1. The ankle bone is connected to the shin bone.
This expression we all know was never really just about our legs—it was about holism. Our bodies are healthy, or they are not; the status of any part affects the whole. The brain is a vital organ, vitally dependent on the health of the whole. A healthy brain requires a healthy vascular system, to deliver an appropriate blood supply. It requires healthy kidneys and a healthy liver to ensure that blood is free of toxins. It requires a strong heart to pump that blood under suitable pressure. And so on.
The notion that there are super foods or super supplements specific to the health of the brain is thus more about marketing than science. What is good for health overall is good for the health of the brain. And conversely, what is harmful to the body is harmful to the mind.
2. Mind the heart, mind the brain.
While there are aspects to Alzheimer's disease that are unique, overwhelmingly it and other common dementia's appear to be variants of cardiovascular disease. There may be genes that predispose someone to Alzheimer's, but it is garden-variety cardiac risk factors that tend to result in those genes being expressed as the condition itself.
Studies associate dementia with high blood pressure and dyslipidemia (high levels of the "bad" cholesterol variants). In particular, there appears to be a strong association between Alzheimer's and insulin resistance, a state associated with obesity and diabetes risk. Some experts have argued this link is so strong that Alzheimer's should be considered "type 3 diabetes."
3. Move the body, take the mind along.
Since Alzheimer's and related dementia's have much in common with cardiovascular disease, we have long had cause to believe that physical activity was protective. We have more cause now.
Hot off the presses is a study in the journal Stroke, indicating that routine physical activity protects brain function, prevents dementia, and preserves functional independent in older adults.
The study, followed over 600 adults in countries throughout Europe. Cognitive function was assessed along with lifestyle factors, including physical activity level. MRI scans were used to evaluate brain status directly. The punch line is that routine physical activity was associated with a reduction in the risk of dementia of any kind by about half. The effects were robust and independent of age and education, along with a number of other factors.
So, while mental calisthenics may protect the brain, conventional calisthenics almost certainly do. Exercise is a mind game.
Study after study after study after study that has shown an elimination of up to 80 percent of all chronic disease with the application of lifestyle as medicine has not carved out an exception for Alzheimer's. The evidence that we can alter gene expression with the power of lifestyle almost certainly pertains to Alzheimer's as it does to cancer. By minding our bodies, we can mind our minds too. We can best mind both by minding the short list of what matters most to health.

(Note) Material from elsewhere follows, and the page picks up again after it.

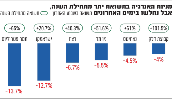 כך למשל, מניית תמר פטרוליום ירדה בכ־14% בשבוע האחרון, ישראמקו ב־13%, רציו בכ־6%, ניו-מד בכ־5% וקבוצת דלק ב־4% - כמעט כולן הניבו תשואות פנומנליות מתחילת השנה. פרט לישראמקו שעלתה "רק" ב־20%, שאר המניות ברשימה זינקו בשיעורים שנעים בין 40% למעל 100%. מה גרם לירידות האחרונות והאם הן מבשרות על שינוי מומנטום או שמדובר במגמה רגעית? גלובס עושה סדר.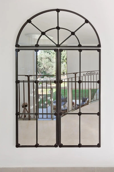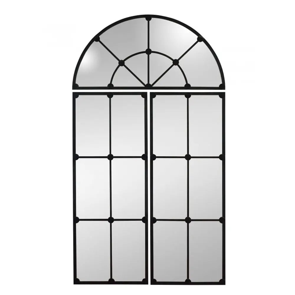 מראה מעוצבת עשויה ברזל תעשייתי. המראה המעוצבת מורכבת מ-3 חלקים, אשר שניתן להפרידם ולתלותם על הקיר במרחקים שונים לקבלת אפקט של מראה גדולה מאוד. ראי ייחודי.

There is some evidence to support what most of us have heard about "brain foods." Fish consumption appears to protect brain function, most likely by contributing omega-3 fatty acids to the diet. An omega-3 oil supplement, 1 to 2 grams daily, is an alternative. Antioxidants in food appear to be protective as well, contributing to the reputations of blueberries, red wine, and green tea. But while an inventory of potential brain foods can be assembled, the evidence is much stronger for the importance of the overall dietary pattern.
Similarly, exercising the brain may be a good idea. But the preservation of good ideas may owe as much or more to exercising the body.
Alzheimer's remains scary. But we all have far more potential to prevent it than most of us exercise—by exercising, among other things. So take your head in your hands, and get in the game. Because it turns out that health promotion is a mind game too.